▶ **INSTRUCTIONS FOR THE TASK**
Could you restate word for word only the lines below from the one holding "メリージェーン コンビネーション ウェッジソールパンプス" to the one holding "Verhältnis zur Gebäudegröße.", inclusive, and leave out the pictures?

▶ **EXERCISE MATERIALS**
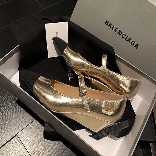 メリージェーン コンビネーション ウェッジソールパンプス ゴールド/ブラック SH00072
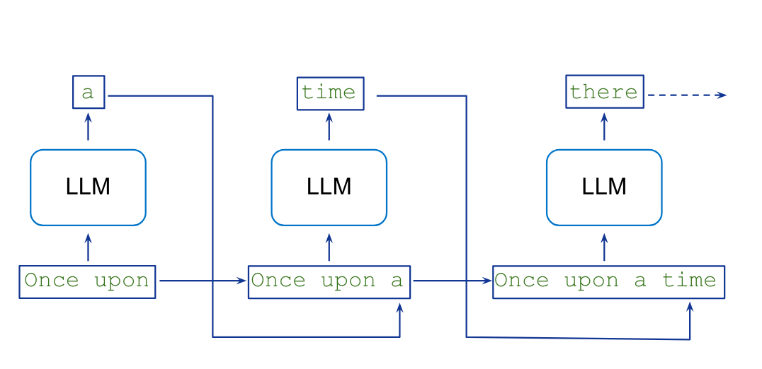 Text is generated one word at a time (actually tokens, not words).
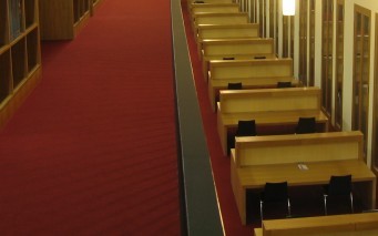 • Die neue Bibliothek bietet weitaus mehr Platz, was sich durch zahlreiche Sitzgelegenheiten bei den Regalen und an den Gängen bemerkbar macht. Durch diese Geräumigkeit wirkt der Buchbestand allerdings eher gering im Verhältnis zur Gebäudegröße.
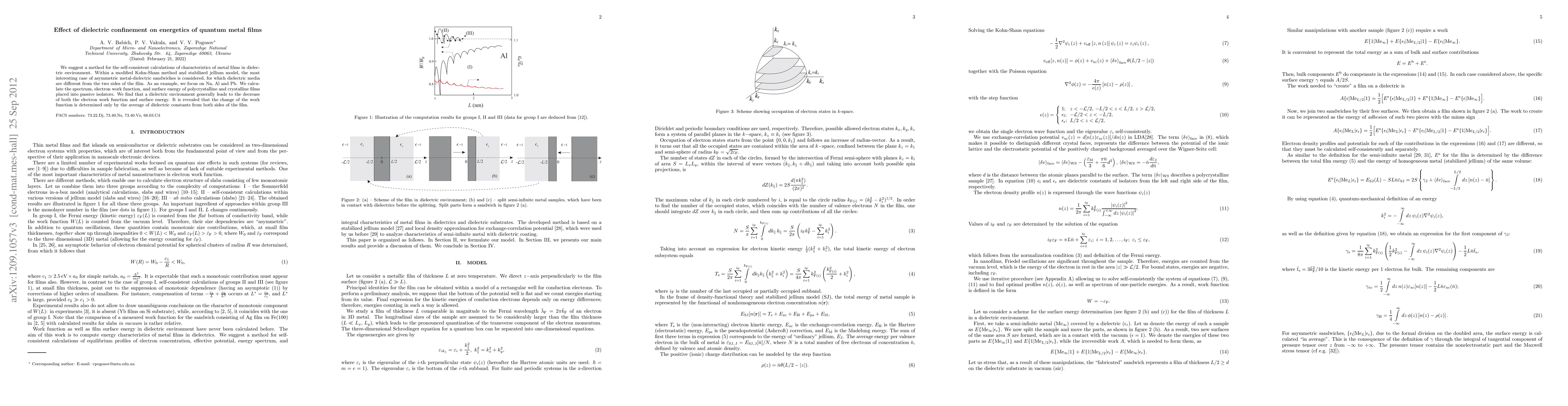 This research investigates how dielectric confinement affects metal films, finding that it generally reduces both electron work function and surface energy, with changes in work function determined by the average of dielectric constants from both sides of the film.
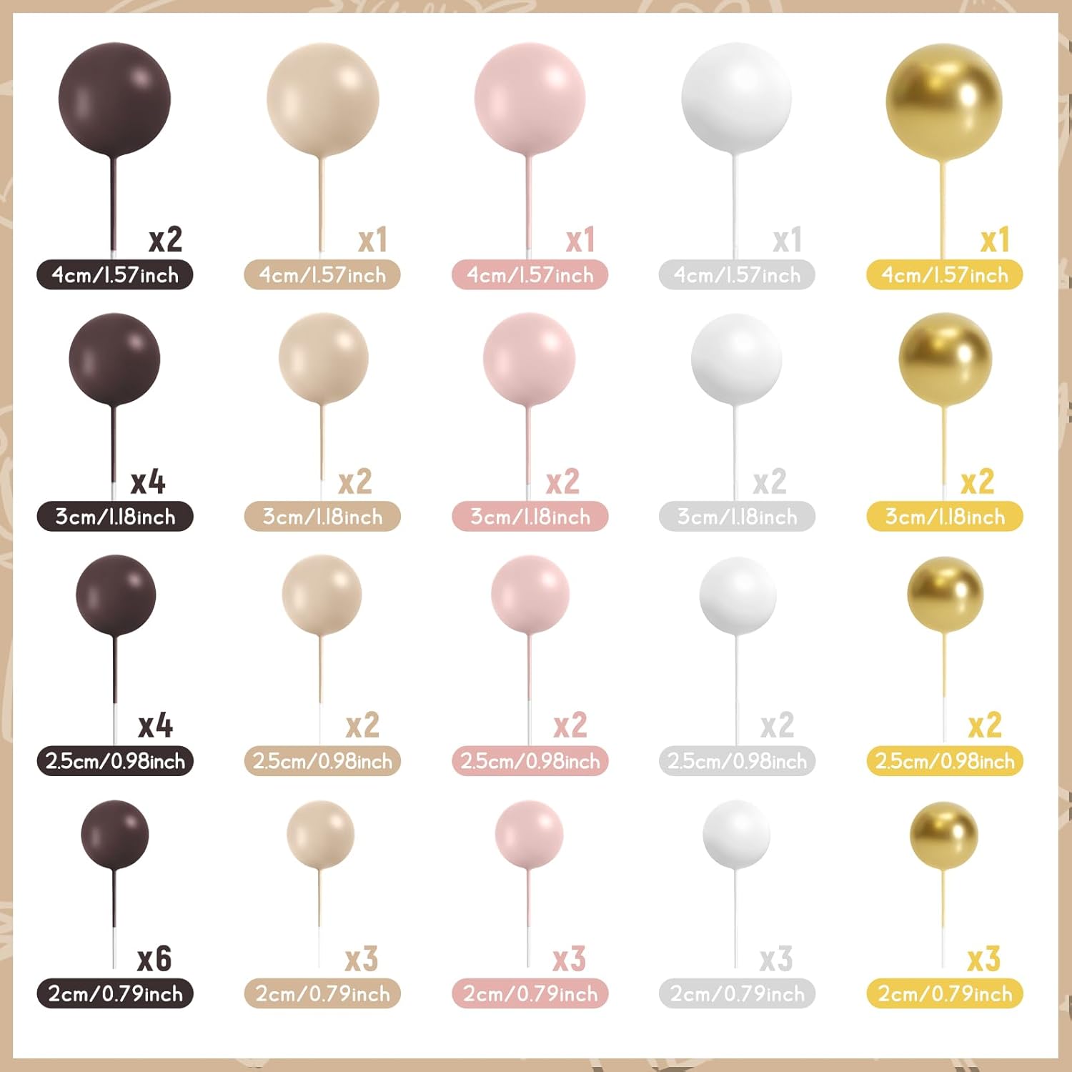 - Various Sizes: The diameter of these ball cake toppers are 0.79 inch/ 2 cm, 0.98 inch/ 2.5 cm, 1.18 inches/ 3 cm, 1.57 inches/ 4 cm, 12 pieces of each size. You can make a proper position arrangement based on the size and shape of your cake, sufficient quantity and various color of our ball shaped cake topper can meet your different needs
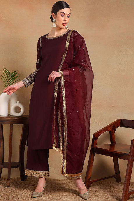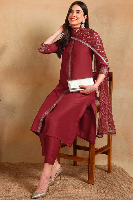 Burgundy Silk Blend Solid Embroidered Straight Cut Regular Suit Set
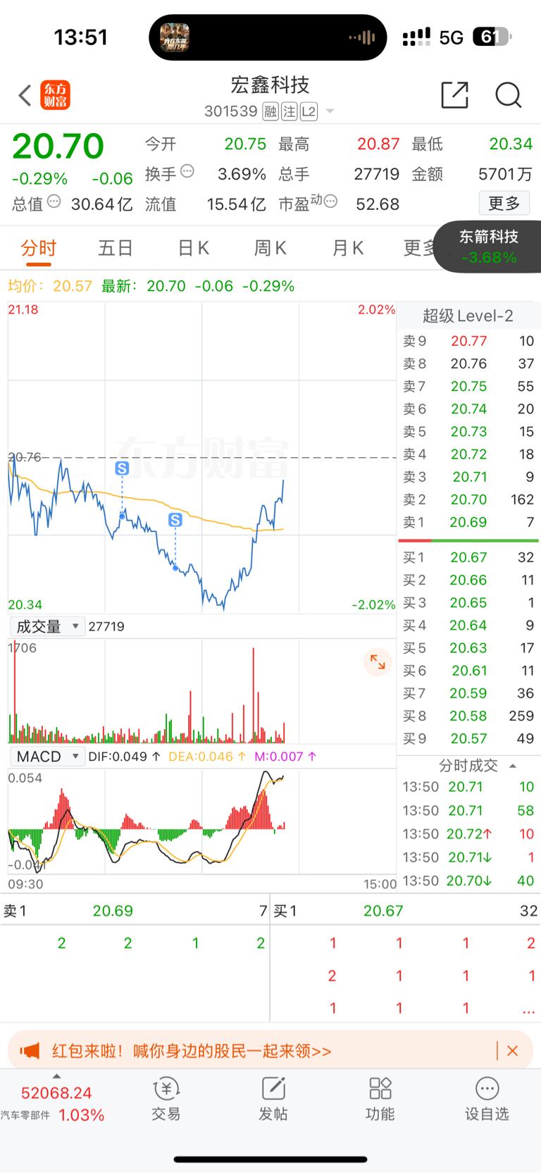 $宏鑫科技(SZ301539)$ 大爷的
==
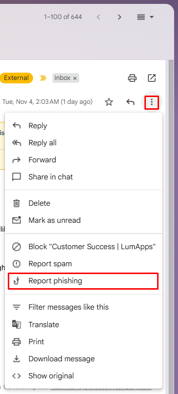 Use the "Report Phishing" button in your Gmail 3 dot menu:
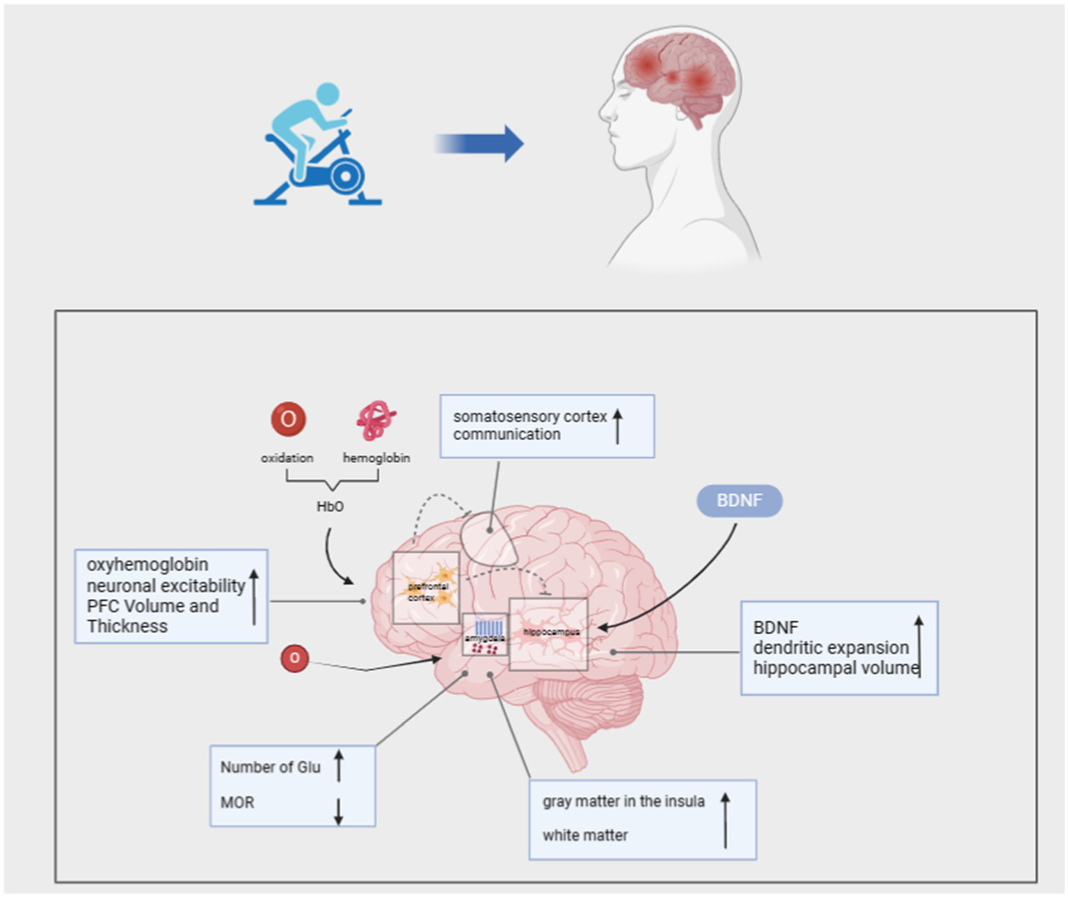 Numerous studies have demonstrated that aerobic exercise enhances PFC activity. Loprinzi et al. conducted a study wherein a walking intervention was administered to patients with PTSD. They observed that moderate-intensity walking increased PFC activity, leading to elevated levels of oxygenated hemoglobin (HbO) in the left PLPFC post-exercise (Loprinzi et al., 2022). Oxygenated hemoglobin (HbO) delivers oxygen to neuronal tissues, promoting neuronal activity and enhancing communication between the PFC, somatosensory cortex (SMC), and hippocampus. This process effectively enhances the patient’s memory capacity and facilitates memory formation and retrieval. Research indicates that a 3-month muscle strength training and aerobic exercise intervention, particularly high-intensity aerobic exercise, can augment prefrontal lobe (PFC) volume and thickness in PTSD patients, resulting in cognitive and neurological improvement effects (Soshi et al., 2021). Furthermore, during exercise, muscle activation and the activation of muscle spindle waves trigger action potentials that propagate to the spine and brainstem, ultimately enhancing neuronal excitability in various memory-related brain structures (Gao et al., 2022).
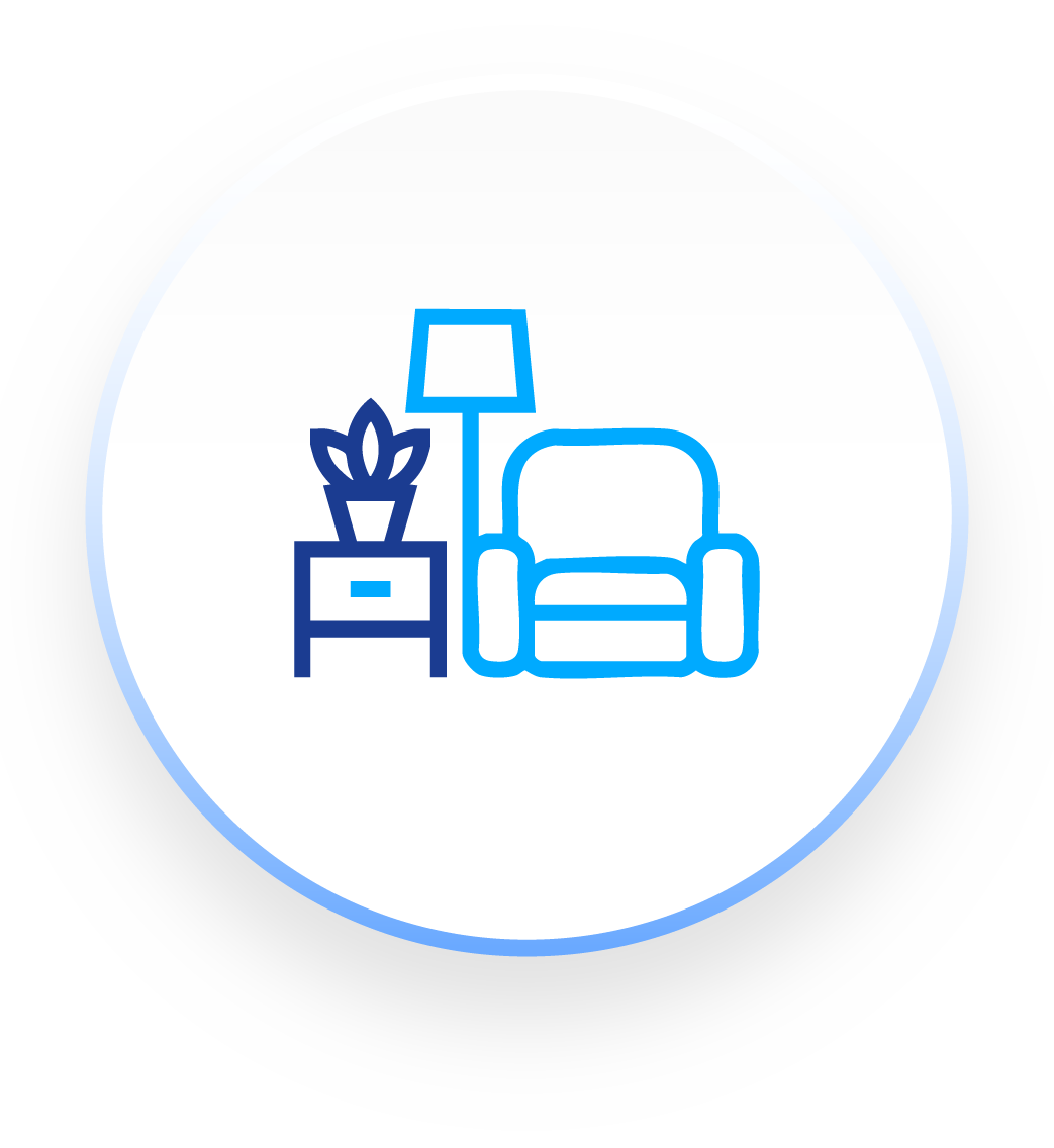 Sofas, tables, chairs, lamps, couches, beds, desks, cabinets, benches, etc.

▶ **ANSWER TO THIS EXERCISE**
 メリージェーン コンビネーション ウェッジソールパンプス ゴールド/ブラック SH00072
 Text is generated one word at a time (actually tokens, not words).
 • Die neue Bibliothek bietet weitaus mehr Platz, was sich durch zahlreiche Sitzgelegenheiten bei den Regalen und an den Gängen bemerkbar macht. Durch diese Geräumigkeit wirkt der Buchbestand allerdings eher gering im Verhältnis zur Gebäudegröße.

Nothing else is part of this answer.